I don’t know about you, but I could easily subsist on soup in the fall and winter. Whether a creamy bisque or chunky chowder, I’m happy to down a bowl for breakfast, lunch and dinner. Paired with crusty bread or crackers, it’s the perfect cold-weather meal.
Soup is one of my favorite dishes to make, too. There’s something relaxing about standing over a bubbling pot on a chilly day. What’s more, the payoff is huge: home-cooked comfort food that will warm you to the core.
Take, for example, this Manhattan clam chowder. It’s quite easy to prepare and super satisfying, especially when served with homemade oyster crackers. And the flavor develops with time, which means you can assemble the soup in advance and reheat it just before eating.
Recipes adapted from Wonderland Kitchen and New York Times.
- 1 cup all-purpose flour
- 1 teaspoon sugar
- 1 teaspoon sea salt
- 1 teaspoon baking powder
- 2 tablespoons unsalted butter, cold, cut into small pieces
- 2 tablespoons half-and-half
- 3 tablespoons cold water
- sea salt and freshly ground black pepper
- 1 tablespoon unsalted butter
- 4 strips bacon, diced
- 1 large onion, diced
- 2 carrots, peeled and diced
- 2 stalks celery, diced
- 1 green bell pepper, diced
- 2 garlic cloves, minced
- 3 large Yukon Gold potatoes, cut into ½" cubes
- 3 6.5 oz. cans chopped clams in juice
- 2 8 oz. bottles clam juice
- 3 sprigs fresh thyme
- 1 bay leaf
- ½ teaspoon dried chili flakes
- 1 28 oz. can whole peeled tomatoes, crushed by hand
- sea salt and freshly ground black pepper
- chopped fresh parsley (optional, for garnish)

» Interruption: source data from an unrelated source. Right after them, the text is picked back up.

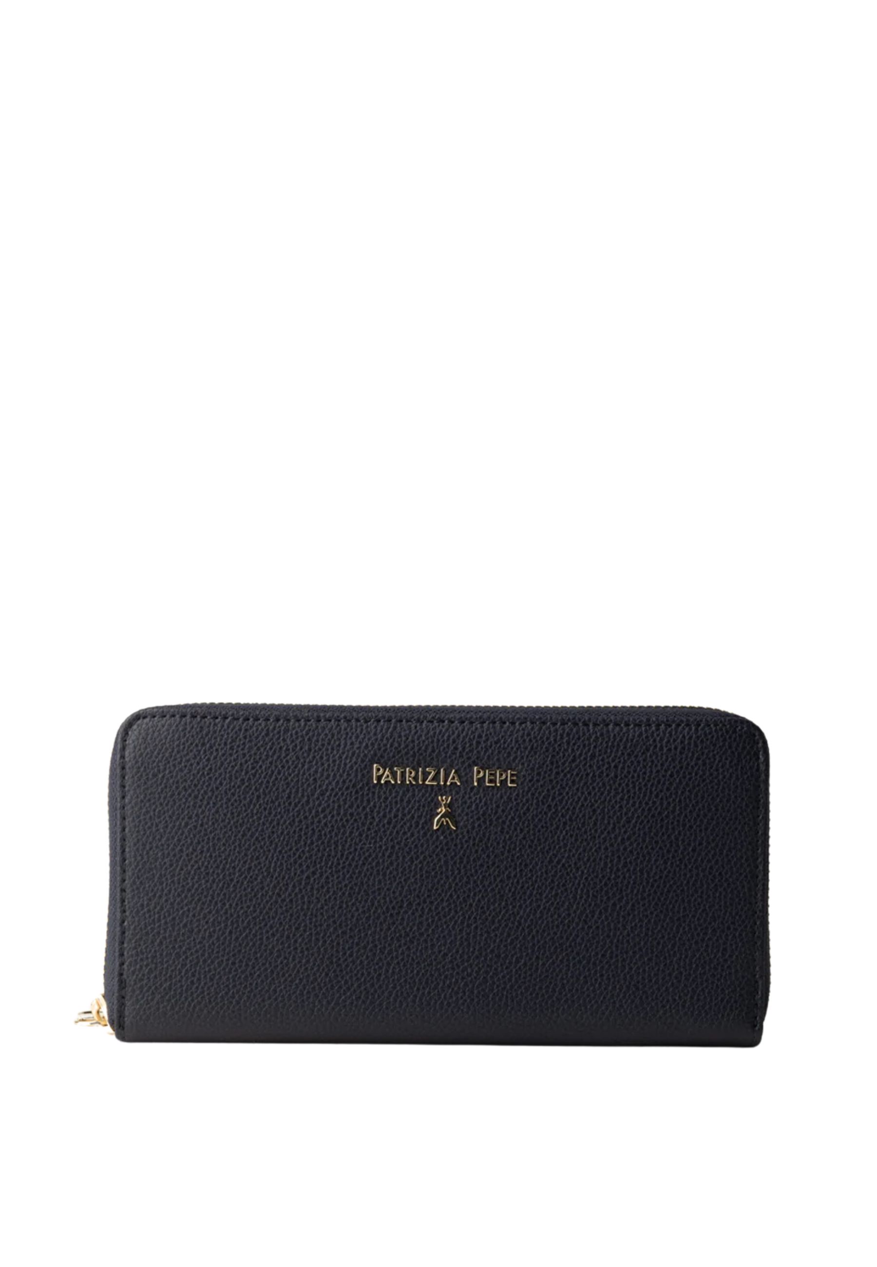 Eleganza essenziale e funzionalità quotidiana definiscono questo portafoglio lungo Patrizia Pepe, realizzato in pelle martellata di alta qualità. Il design pulito è valorizzato dal lettering Patrizia Pepe con iconico Fly in metallo dorato, elemento distintivo che dona un tocco luminoso e sofisticato.
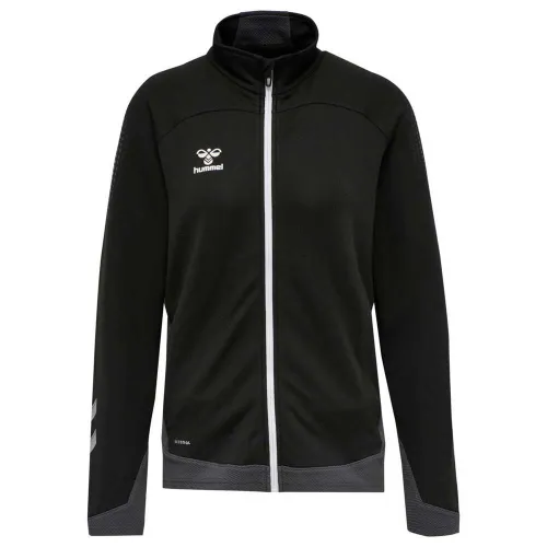 La chaqueta con cremallera de poliéster para mujer de hmllead está confeccionada con un tejido ligero de sudor con elasticidad adicional, lo que te permite moverte tanto dentro como fuera de la pista. esta chaqueta hummel® tiene una cremallera frontal completa con cremallera protectora, así como dos bolsillos laterales con cremallera. los paneles en contraste en el canesú trasero y los costados canalizan el diseño deportivo clásico.
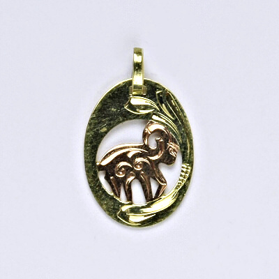 Přívěsek je vyrobený ze žlutého a červeného zlata 14 karátů 585/1000. Celková velikost přívěsku včetně ouška je 19 mm.
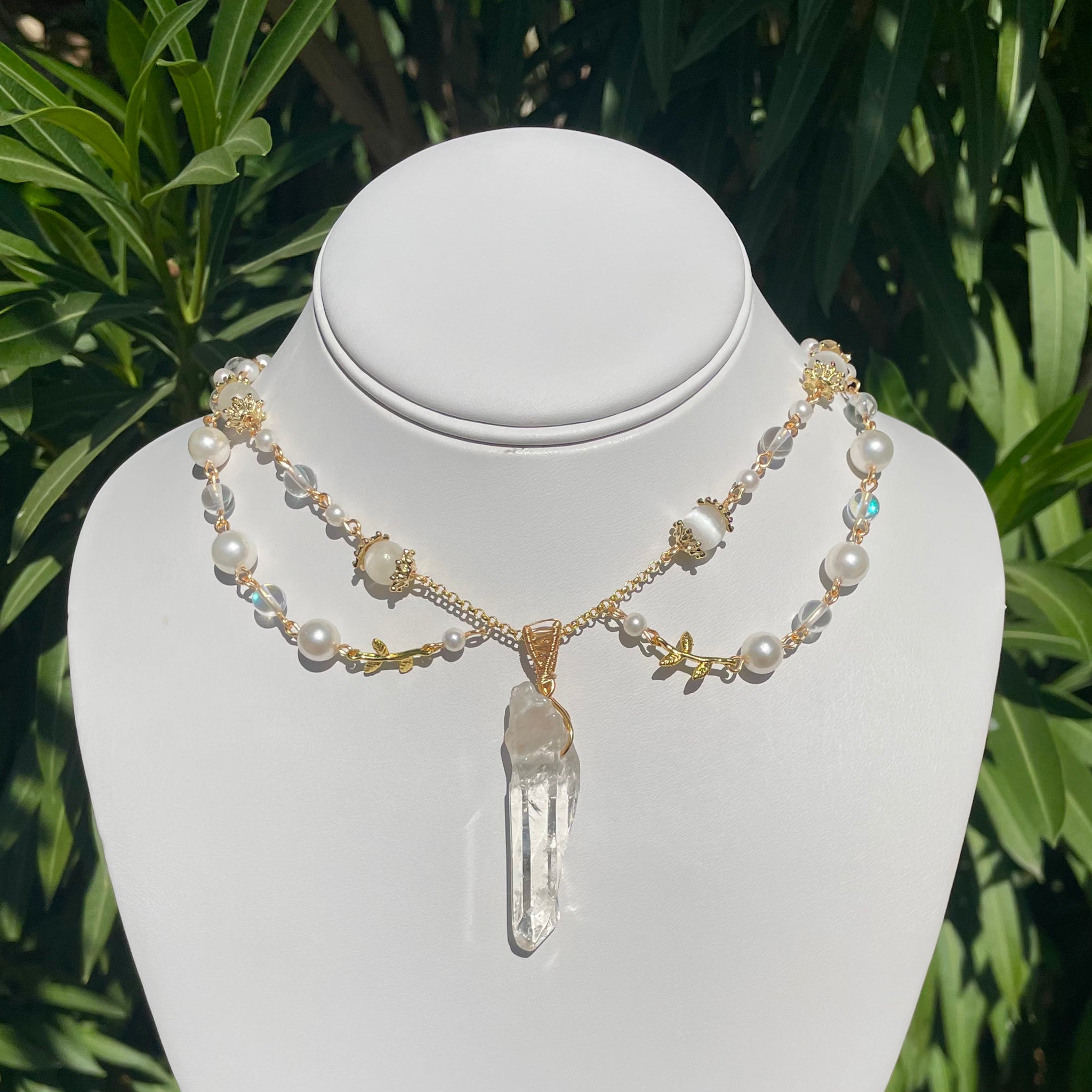 Handmade with genuine Clear Quartz, Satin Spar Selenite, Aura Quartz, and Mother of Pearls
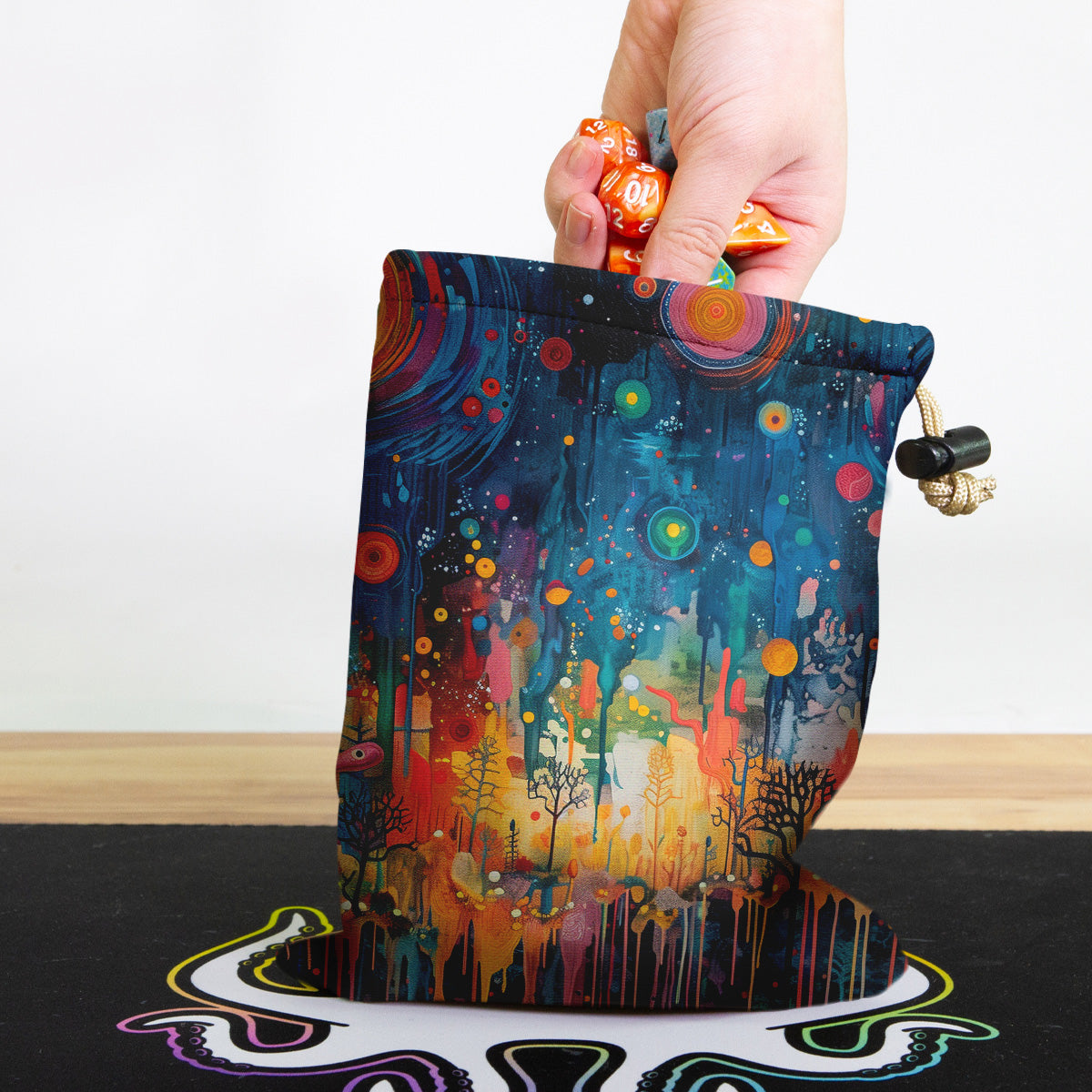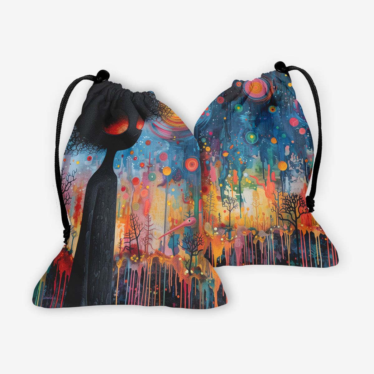 Scenes Of JoyAlways gaming on the go? Carry everything you need and more using our specially crafted dice bag. But this bag is designed to hold more than just dice. We make it so you can carry other essential accessories and gear with your dice, including deck boxes, life counters, extra sleeves, and pens. Quality is just as important as quantity, which is why our dice bags are crafted using premium material as well. Featuring a soft inner lining and microfiber on the inside and vibrant pre-designed artwork on the outside, our dice bag has an amazing look and feel to it!
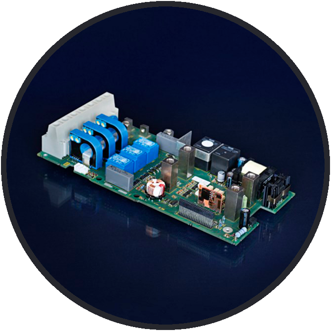 Power-, interface-, and control electronics on one single PCB without any connectors.
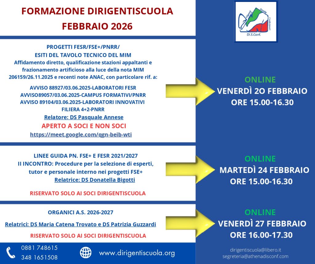• a seguito dell’apertura al MIM, il 16 febbraio scorso, del Tavolo Tecnico previsto dalla Conciliazione fra Ministero e Associazione, l’incontro online del 20 febbraio (ore 15-16.30)PROGETTI FESR/FSE+/ PNRR/ Esiti del Tavolo tecnico del MIM. Affidamento diretto, qualificazione stazioni appaltanti e frazionamento artificioso alla luce della nota MIM 206159/26.11.2025 e recenti note ANAC”, condotto dal DS Pasquale Annese, esperto e formatore in materia di affidamenti delle istituzioni scolastiche, sarà aperto anche ai non soci.

- In a large bowl, combine the flour, sugar, salt and baking powder. Add the butter and rub it into the flour mixture with your fingertips until it resembles coarse meal. Add the half-and-half and water and mix with a fork until the ingredients start to come together. Then use your hands to lightly knead the dough in the bowl until it forms a ball; cover with plastic wrap and let rest for 15 minutes.
- Preheat oven to 375 degrees.
- On a lightly floured work surface, roll out dough until it's about ⅛" thick. Sprinkle with salt and pepper. Cut out crackers with a ½" round cutter or apple corer.
- Place the cutouts on a baking sheet. Press together scraps and repeat.
- Bake crackers until lightly brown around the edges, about 15 minutes. Turn off oven. Open door slightly and leave crackers in oven for 30 minutes; then remove from the oven and let crackers cool completely.
- Melt butter in a large pot over medium heat. Add bacon and cook until fat renders and bacon crisps, about 5 minutes. Remove bacon from pot and set aside on paper towels to drain.
- Add onion, carrots, celery, bell pepper and garlic and cook, stirring occasionally, until tender, about 10 minutes.
- Add potatoes and cook, stirring occasionally, for 5 minutes.
- Drain clams, reserving juice, and set aside. Transfer reserved juice to a measuring cup and add enough water to hit the 2-cup line; add to pot along with bottled clam juice, thyme, bay leaf and chili flakes. Stir and bring to a boil. Reduce heat to medium-low, cover partially and simmer, stirring occasionally, until potatoes are tender, about 15 minutes. Lightly smash some of the potatoes with the back of a wooden spoon to release their starch.
- Add tomatoes with juice, chopped clams and cooked bacon and simmer until heated through, about 3 minutes. Season with salt and pepper to taste.
- Serve with parsley, if using, and oyster crackers.